Data Warehousing: In Brief
A central location where consolidated data from multiple locations(databases) is being stored.
Data Warehousing is maintained separately from an organization’s operational database. End users access it whenever any information is needed.
Note: The Data Warehouse is not loaded every time new data is added to the database.
Advantages of Data Warehousing
- The strategic question can be answered by studying trends.
- Data Warehousing is faster and more accurate.
Note: Data Warehouse is not a product that a company can go and purchase, it needs to be designed and depends entirely on the company’s requirement.

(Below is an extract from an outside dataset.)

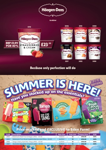 Bec%u00e4use only perfection will doRRP %u00a35.99 POR 40% %u00a323.9930068x460ml3012 3012 30082257 3022 3030Please note: Carton design allows for products to be merchandised in both portrait or landscape format.Price-marked and EXCLUSIVE to Eden Farm!Code Description Pack Size Case Size Promo Price POR2884 Robinsons Real Fruit Orange Lollies %u2013 %u00a33.50 4x60ml 12 %u00a319.49 44%2885 Robinsons Fruit Shoot Apple & Blackcurrant Minis %u2013 %u00a33.50 6x30ml 12 %u00a319.49 44%2886 Tango Cherry Sub-Zero Tang Lollies %u2013 %u00a33.50 4x70ml 12 %u00a319.49 44%2887 Drumstick Squashies Original Lollies %u2013 %u00a33.50 4x70ml 12 %u00a319.49 44%
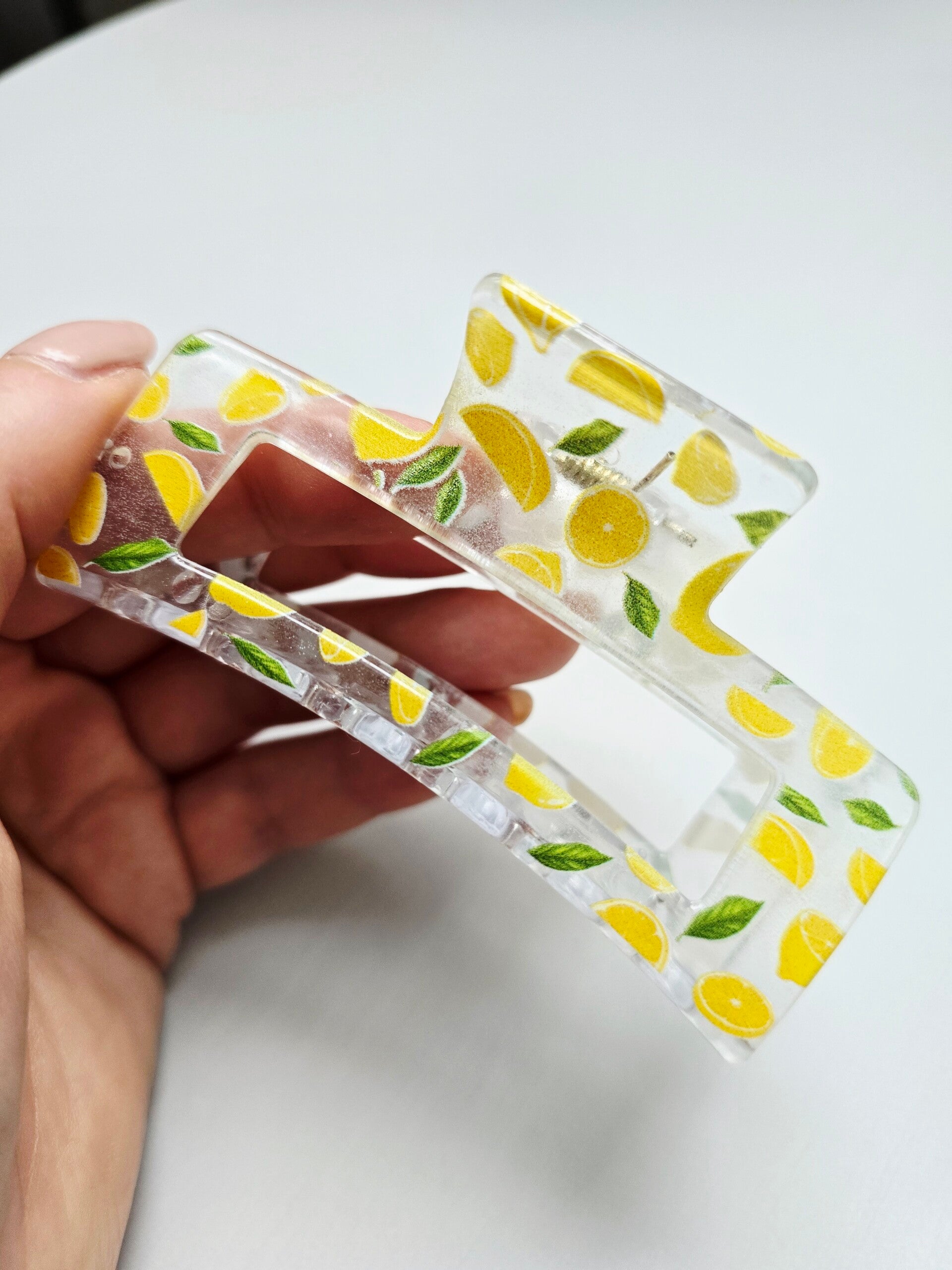 Dodaj odrobinę elegancji i subtelności do swoich stylizacji dzięki naszej spince do włosów w klasycznym prostokątnym fasonie. Przeźroczysta, ozdobiona delikatnym wzorem w cytrynki, stanowi idealne uzupełnienie zarówno codziennych, jak i bardziej eleganckich kreacji. Funkcjonalna i stylowa, sprawdzi się na wiele okazji, podkreślając Twój wyjątkowy gust.

Properties of Data Warehousing
“A data warehouse is a subject-oriented, integrated, time-variant and non-volatile collection of data in support of the managements’ decision-making process” – Bill Immon, the father of data warehousing.
Subject-oriented: Subject-oriented usually contains categorized data and stored by business subject rather than by its application.
Integrated: Integrated data on a given subject is collected from different sources of data collection and stored in a single place.
Time-variant: Organized data is stored as a service of snapshots, each one of data representing a period of time.
Non-volatile: Typically data in the data warehouse is not updated or deleted.
Key Terminologies related to DWH Architecture
Below are the key terminologies related to DWH architecture.
OLTP vs OLAP
Information Technology systems, that can be divided into two parts. One is transactional (OLTP) and the other is analytical (OLAP). Generally, we can imagine that OLTP systems provide source data to a different stage of data warehouses, whereas OLAP systems help to analyze it.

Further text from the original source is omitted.